Christian university in Nueva Ecija, Philippines

Wesleyan University-Philippines (WU-P) is a private, Protestant, non-sectarian, and non-profit higher education institution run by the United Methodist Church (UMC) in Cabanatuan, Nueva Ecija. It was founded in 1946 as the Philippine Wesleyan College and named after John Wesley, the founder of Methodism.
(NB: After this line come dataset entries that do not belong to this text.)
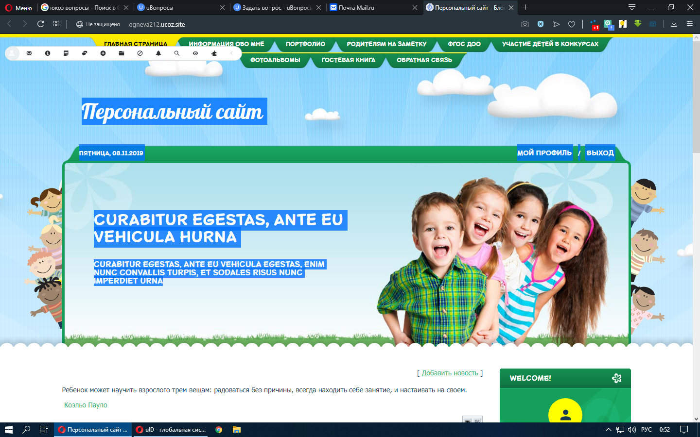 Как убрать с главной страницы слово персональный сайт (заменить) и ещё на английском слова тоже заменить на русские слова.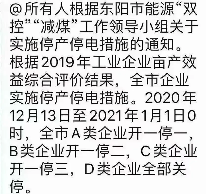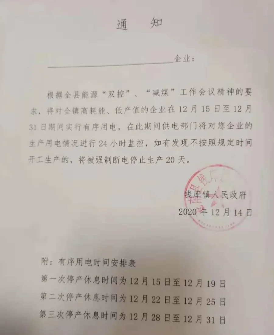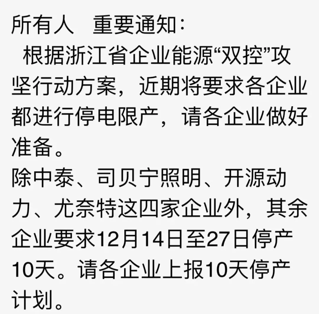 大部分浙江外贸工厂均已收到“停电限产”的通知,温州钱库镇某供应商晒出通知,通知显示:根据全县能源“双控”、“减煤”工作会议精神的要求,将对全镇高耗能、低产值的企业将在12月15日至12月31日期间实行有序用电,在此期间供电部门将对您的企业生产用电情况进行24小时监控,如有发现不按规定开工生产的,将被强制断电停止生产20天。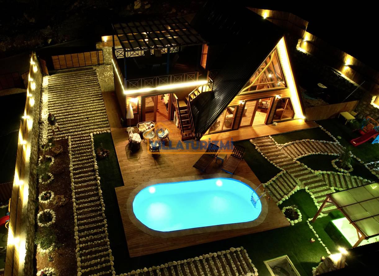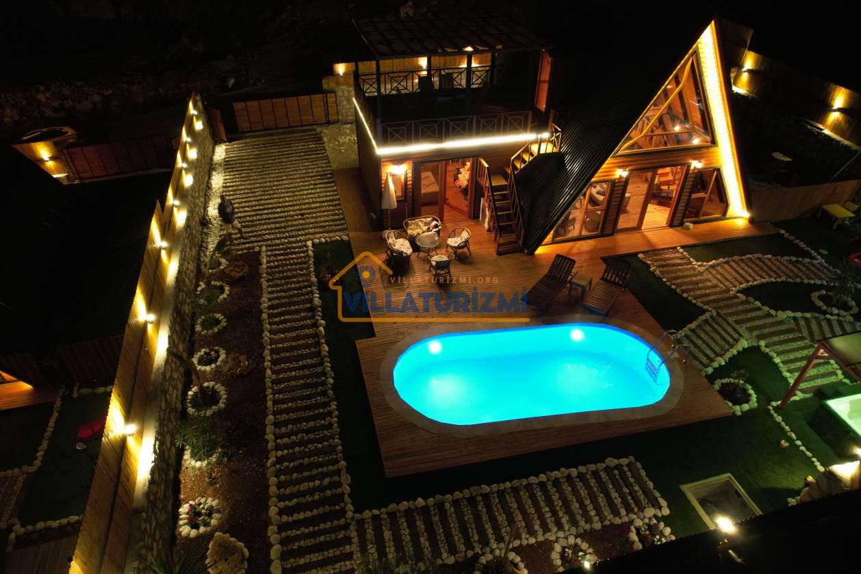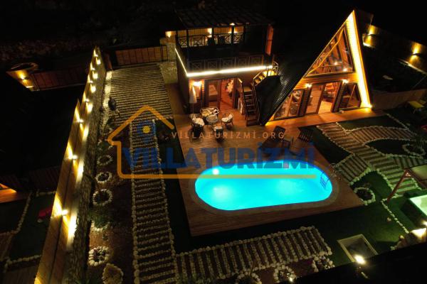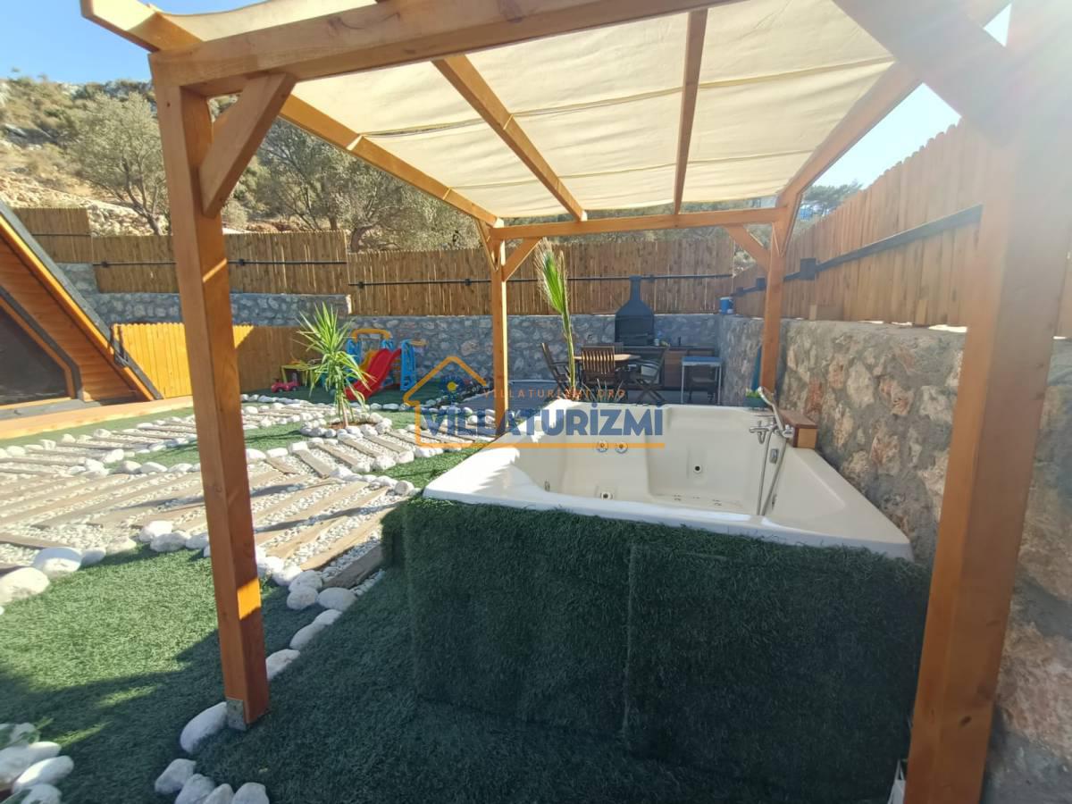 Etrafı tamamen korunaklı hale getirilmiş olup özel havuzlu, jakuzili, bahçelikiralık villa tatili yapmak isteyenaile ve balayı çiftlerine ideal balayı villasıdır.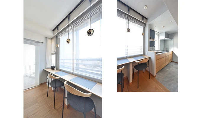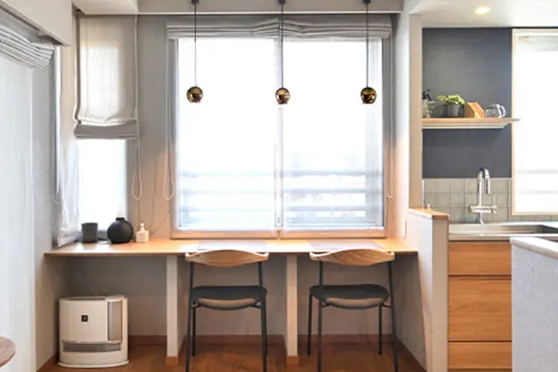 ダイニングテーブルを置かない代わりに造作したのは、カフェのような雰囲気のカウンターテーブル。窓からの景色を眺めながら、食事やお茶を楽しめます。シンプルな空間にゴールドのペンダントライトが映えて、洗練された印象になりました。キッチンの隣にあるので、配膳や片付けもスムーズに行うことができます。

The university offers preschool, grade school, high school undergraduate, and graduate programs. In 2009. the university was granted autonomy status by the Commission on Higher Education.

==History==
The university was conceived by a group of Filipino and American Methodists led by the late Rev. Carlos Mañacop Sr. as part of the realization of their ecclesiastic mission. It was founded on July 1, 1946, and was named Philippine Wesleyan College. It was incorporated on April 28, 1948. The institution was named in memory of John Wesley, the founder of Methodism. It started operating in "sawali" and wooden structure erected on an 800-square meter lot at the corner of Quimzon and Mabini Streets in Cabanatuan, with its first set of 19 faculty and staff and batch of 368 students enrolled in Liberal Arts, Education, Elementary and High School programs.  The university was granted government recognition on June 26, 1947, and incorporated on April 28, 1948.

The institution attained its University Status on April 24, 1978, and has since carried the name Wesleyan University-Philippines. Since its elevation to university status, it has grown in terms of academic programs, student enrolment, physical plant and facilities, faculty and staff, research and extension and other support services. It has also expanded its operations. Today, it operates in two campuses, Cabanatuan or the Cushman Campus, and Maria Aurora.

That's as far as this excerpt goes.